Le colonel qui, en ce moment, reconnut Dinmont, alla à lui, et l’assura affectueusement qu’il était le bien-venu ; lui disant « qu’aux yeux de quiconque l’avait vu à Édimbourg, sa grosse redingote et ses bottes ferrées honoreraient le palais d’un roi. — Ah ! colonel, nous ne sommes qu’un simple paysan, mais nous apprendrons avec plaisir tout ce qui pourra arriver d’heureux au capitaine ; et nous sommes sûr que son affaire ira bien, si M. Pleydell s’en charge. — Vous avez raison, Dandie… vous parlez comme un oracle des Higlands[2]… Mais maintenant du silence… Bien ; vous voilà tous assis… Buvez un verre de vin, afin de commencer méthodiquement. Maintenant, ajouta-t-il en se tournant vers Bertram, mon cher enfant, savez-vous qui vous êtes ? »

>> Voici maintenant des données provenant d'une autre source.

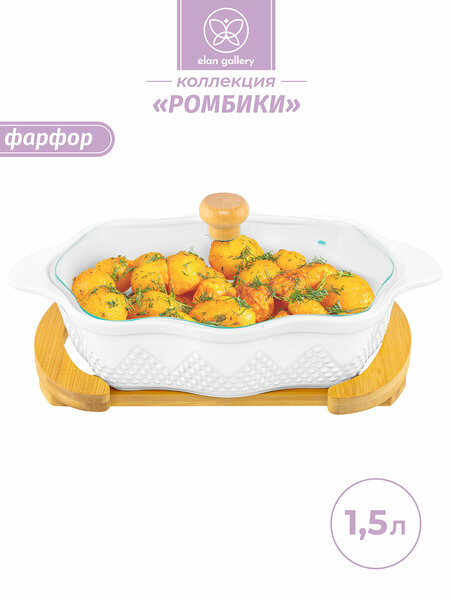 Блюдо для запекания и сервировки серии "Ромбики" на 1,5 литра имеет крышку и подставку. Емкость можно использовать для выпечки в духовом шкафу или как декоративную тарелку для подачи горячего, закусок, десертов, сыра, фруктов и других продуктов. Блюдо выполнено из высококачественного белого фарфора и украшено декоративными рельефными узорами. Фарфоровая посуда отличается от керамической повышенной плотностью. Фарфор не впитывает цвет продуктов и не деформируется от влаги, чему может быть подвержена керамика. Размер набора 32х20х14 см. Емкость без крышки и подставки подходит для духовки, микроволновки и посудомойки. Рекомендованный температурный режим от -24 до +220 градусов. Беречь от резких перепадов температур. Крышку и подставку нельзя замачивать, использовать в СВЧ и ПММ. Набор поставляется в стильной картонной упаковке. Сервировочное блюдо из серии посуды "Ромбики" станет настоящим украшением праздничного стола и кухни или приятным подарком для ваших родных и близких!

En dépit de son inquiétude, Bertram ne put s’empêcher de sourire de ce singulier début ; il répondit : « En vérité, monsieur, je croyais le savoir, mais des événements récents me forcent d’en douter. — Dites-nous donc ce que vous pensiez être avant cette époque. — Je croyais être et me nommer Van Beest Brown, servant en qualité de cadet ou de volontaire sous le colonel Mannering, quand

  1. Ou quel que soit votre nom. a. m.
  2. Il ne sera pas inutile de remarquer, pour les lecteurs du sud, que la contrée montagneuse vers la limite du sud-ouest de l’Écosse se nomme Higland (la première syllabe se prononce brièvement), et que cette contrée ne doit pas être confondue avec les districts beaucoup plus étendus et plus montagneux au nord, qui se nomment aussi Higland (avec la première syllabe longue).